── RECORDS FOR PROCESSING
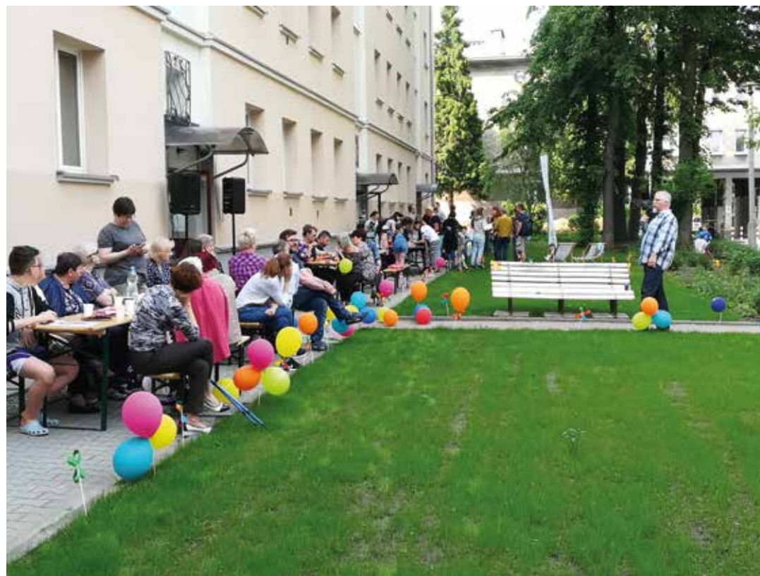
EKOPIKNIK NA ZIELONYM - PIERWSZA INICJATYWA LOKALNA
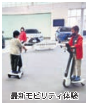
最新モビリティ体験

授業を通じて「ゼロカーボン」への理解を深め、身近にできることから実践し、そして将来「ゼロカーボン」実現の一翼を担うような“夢”を描くきっかけになりました。
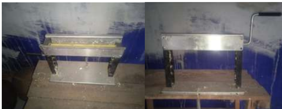
Gambar I.2 Alat Pengupas Telur Sederhana (Manual)

Selain kerusakan pada telur proses pengupasan manual dengan tangan dan alat manual ini juga akan memakan banyak waktu untuk menyelesaikan pesanan telur dalam jumlah banyak, seperti pesanan yang diterima yaitu 8.000 butir. Hal ini juga dapat menambah biaya operasional karena peternak harus membayar pekerja tambahan untuk mengupas telur. Akibatnya keuntungan yang didapat oleh peternak menjadi berkurang. Sehingga peternak terpaksa untuk menaikkan harga dari telur yang sudah matang menjadi lebih mahal, dengan tujuan untuk menutupi biaya operasional pengupasan. Namun hal ini dapat mengakibatkan minat dari para konsumen telur yang sudah matang dan terkupas menjadi menurun. Karena konsumen yang datang kepada peternak untuk memesan telur puyuh rebus yang sudah terkupas, yaitu sama dari UMKM atau dari perorangan, biasa konsumen memesan untuk kegiatan seperti catering untuk rumahan, untuk makan siang atau makan malam anak sekolah.
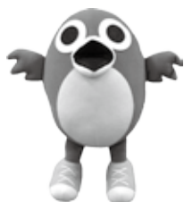
写真は「とっとちゃんぬいぐるみ」

鳥栖市のイメージキャラクター「とっとちゃん」のグッズを発売しています。あなたもとっとちゃんグッズを集めてみませんか。
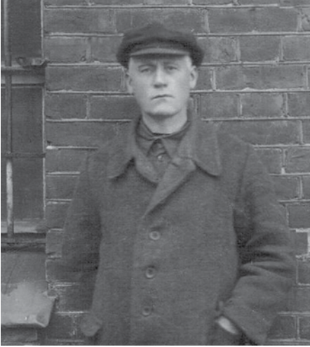
Maskvos kalėjime 1923
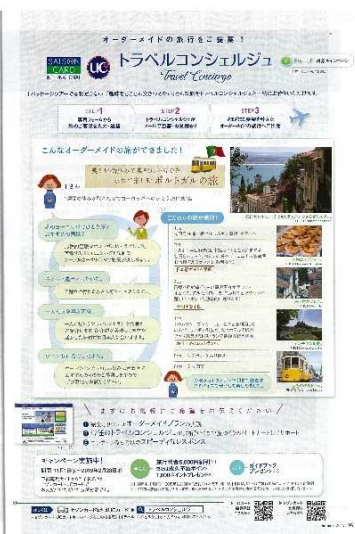
※セゾンカードが毎月発行する冊子へのコンシェルジュ機能説明
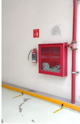
Ejemplo gráfico de extintor en área semiabierta
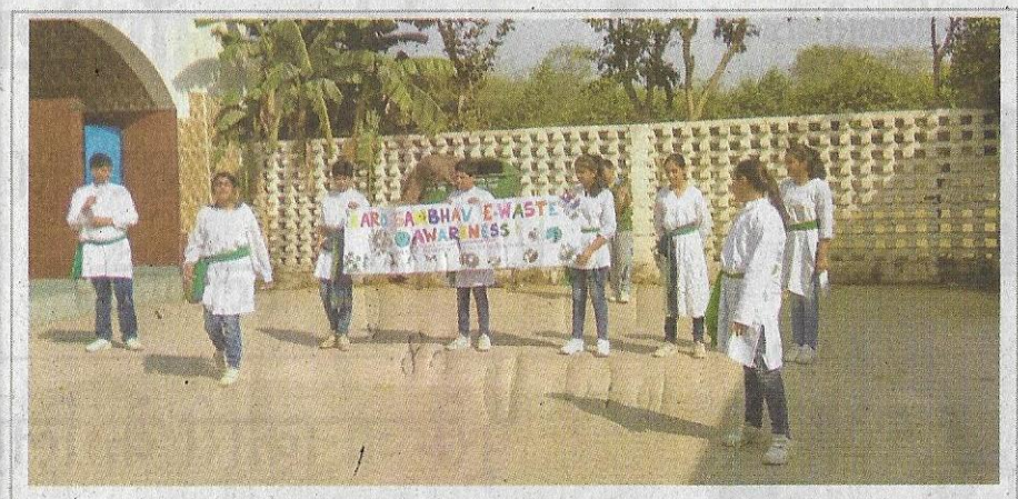
ई कचरा के निस्तारण की जानकारी के लिए नुक्कड़ नाटक करते स्कूली बच्चे।
────
_WORK INSTRUCTION_. From the first line of the records through the line with "Gambar I.2 Alat", reproduce each line exactly and leave the pictures out.

_SOLUTION_.
EKOPIKNIK NA ZIELONYM - PIERWSZA INICJATYWA LOKALNA
最新モビリティ体験

授業を通じて「ゼロカーボン」への理解を深め、身近にできることから実践し、そして将来「ゼロカーボン」実現の一翼を担うような“夢”を描くきっかけになりました。
Gambar I.2 Alat Pengupas Telur Sederhana (Manual)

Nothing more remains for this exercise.